*** Extracted material ***

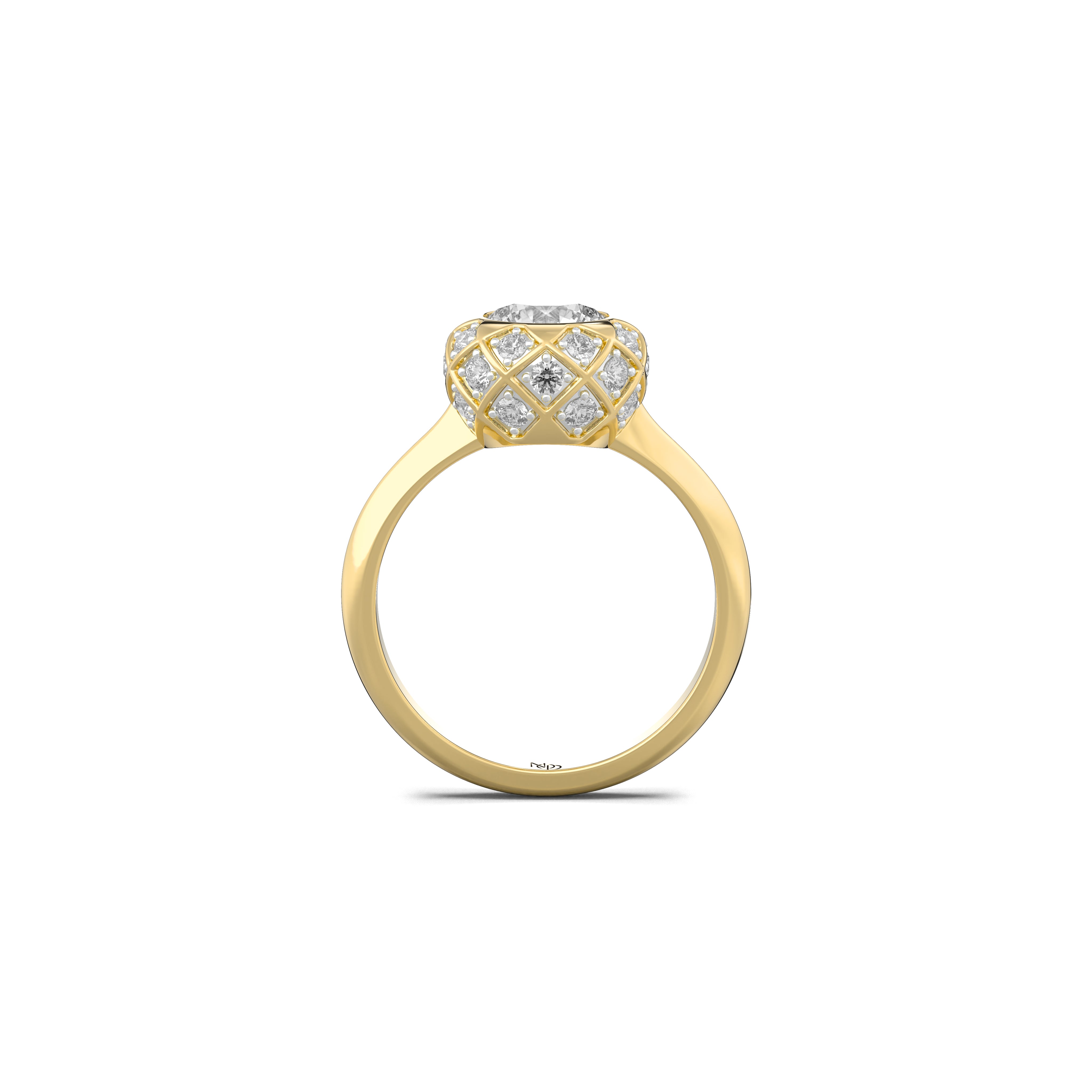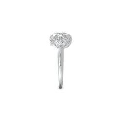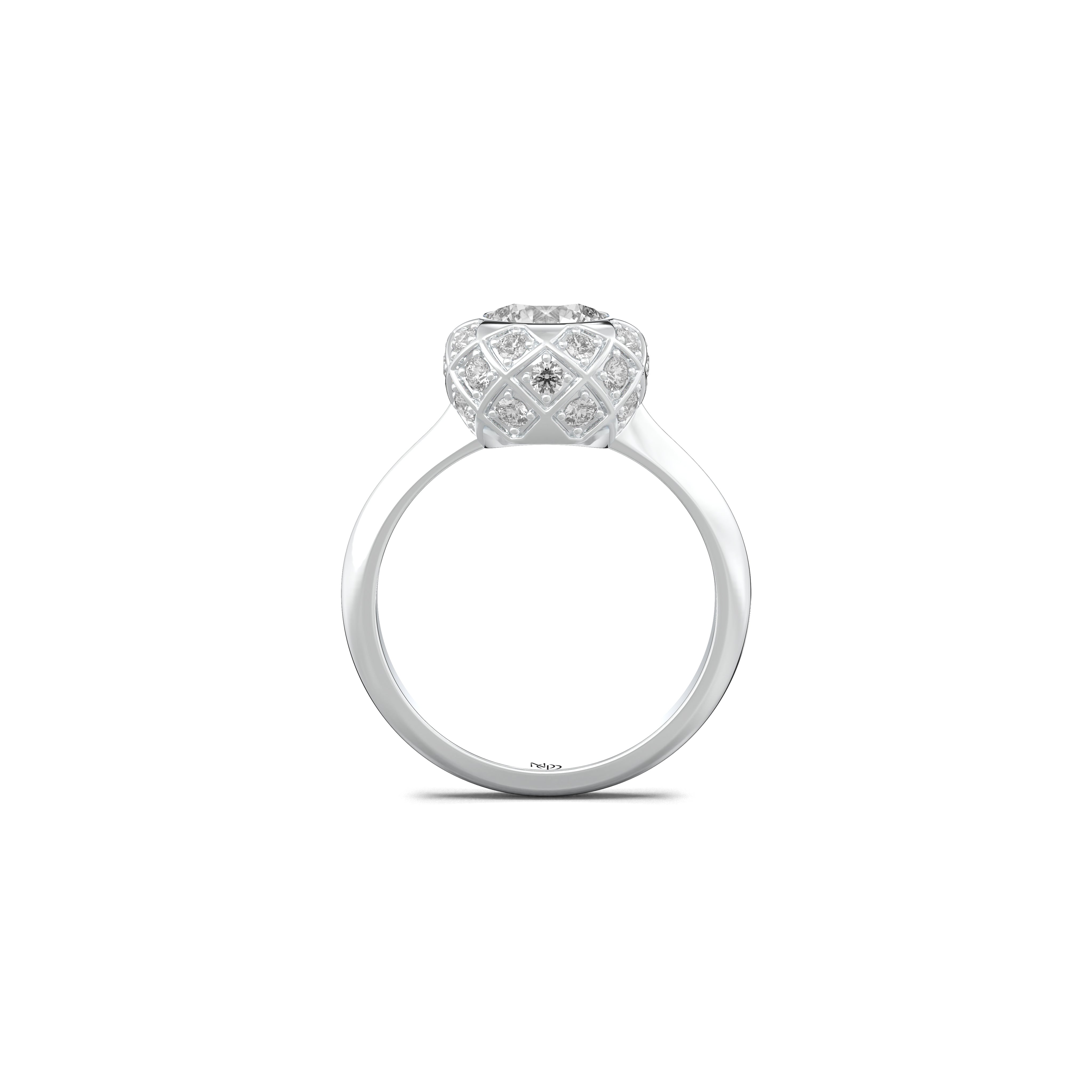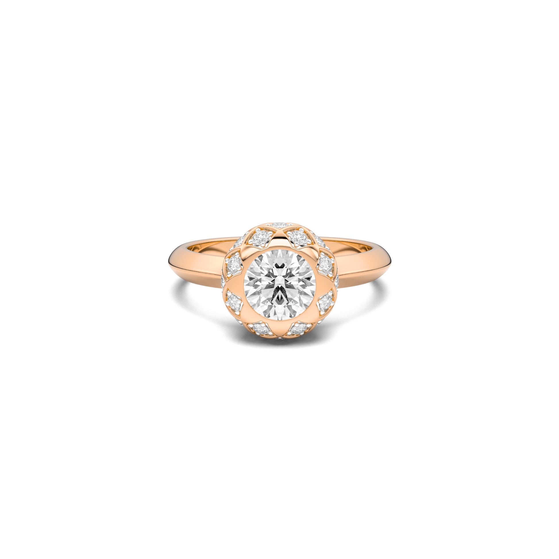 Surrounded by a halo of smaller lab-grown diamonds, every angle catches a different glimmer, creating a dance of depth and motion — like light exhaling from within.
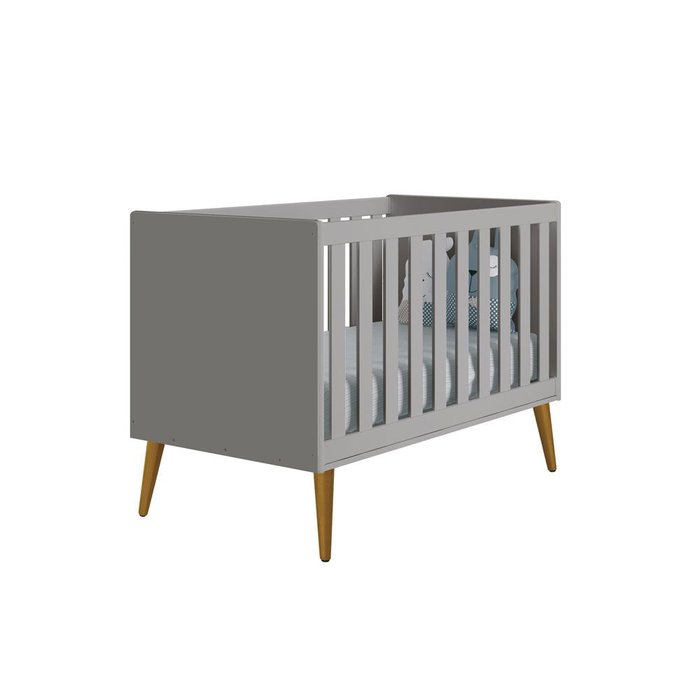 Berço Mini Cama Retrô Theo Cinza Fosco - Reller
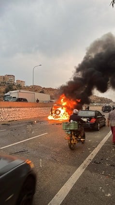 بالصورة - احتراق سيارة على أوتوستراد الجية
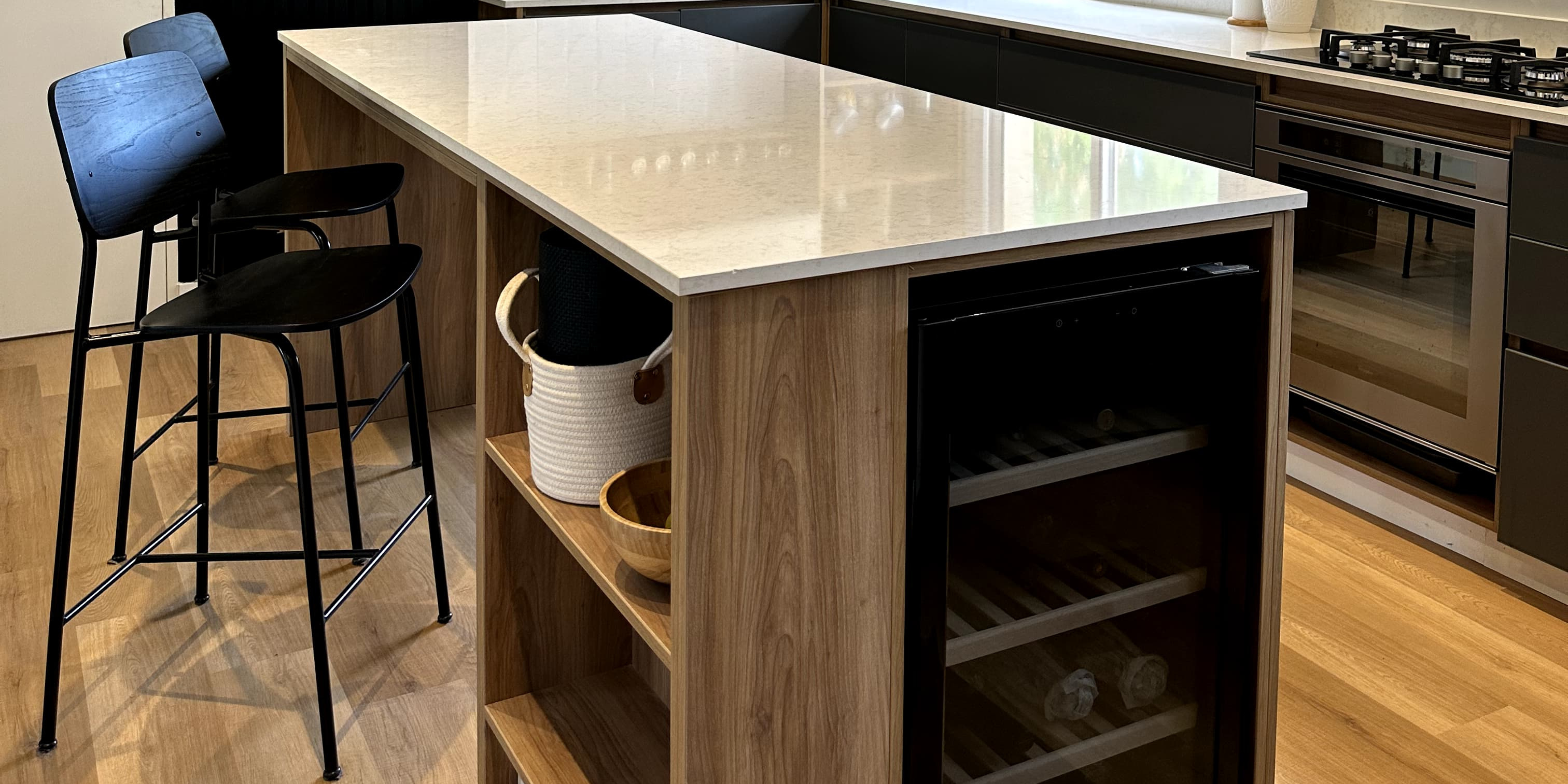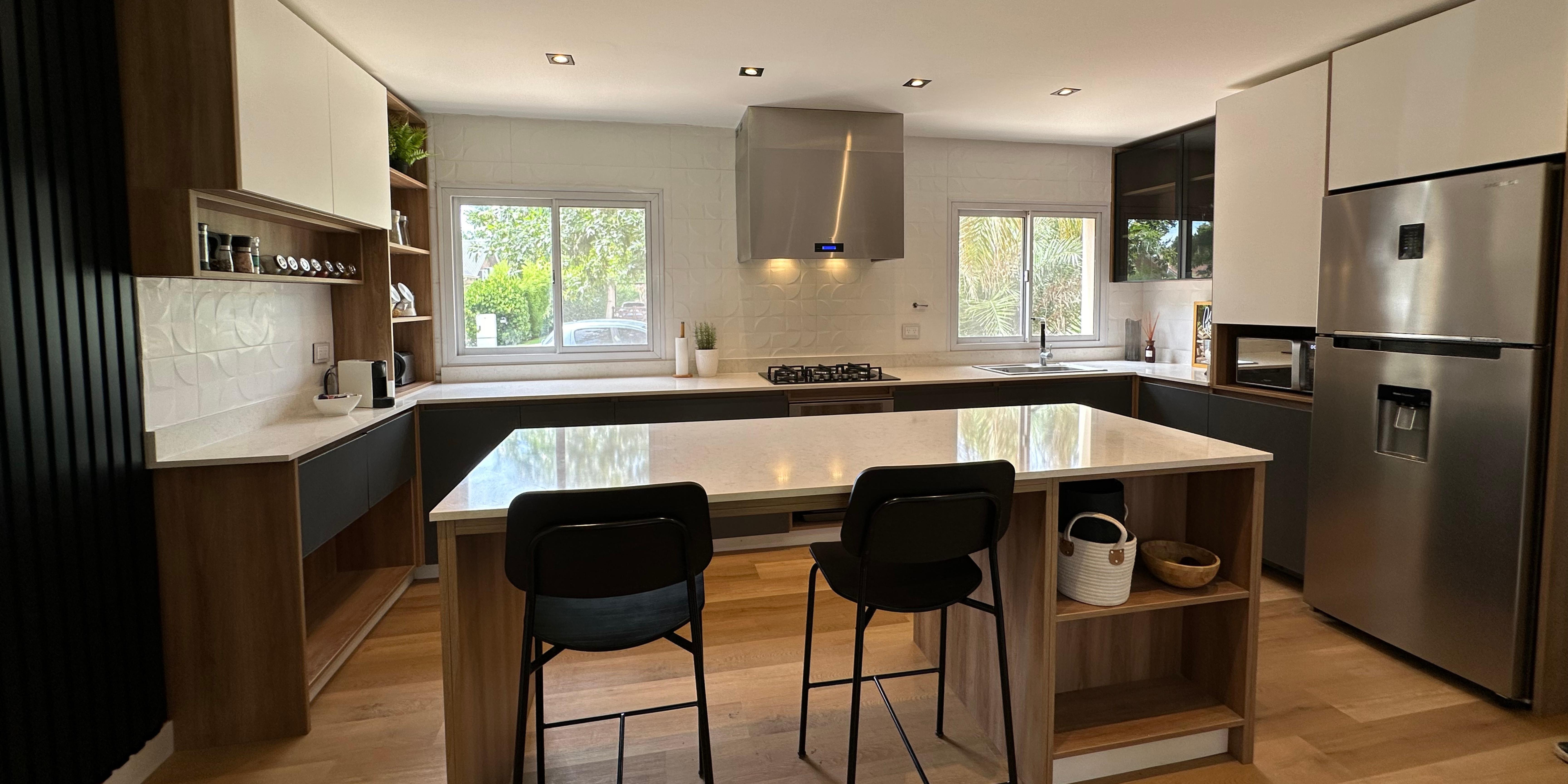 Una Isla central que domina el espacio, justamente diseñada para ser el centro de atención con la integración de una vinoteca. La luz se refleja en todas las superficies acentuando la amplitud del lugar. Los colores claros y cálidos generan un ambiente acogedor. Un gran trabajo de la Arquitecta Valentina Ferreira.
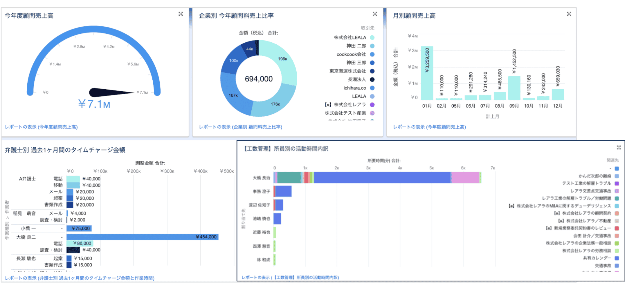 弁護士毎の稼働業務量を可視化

*** End of Extracted material ***

Exercise aim
Set down the records above exactly as written, beginning with the first line and ending with the line that contains "بالصورة - احتراق سيارة على أوتوستراد الجية", and do not include pictures.

Reply
 Surrounded by a halo of smaller lab-grown diamonds, every angle catches a different glimmer, creating a dance of depth and motion — like light exhaling from within.
 Berço Mini Cama Retrô Theo Cinza Fosco - Reller
 بالصورة - احتراق سيارة على أوتوستراد الجية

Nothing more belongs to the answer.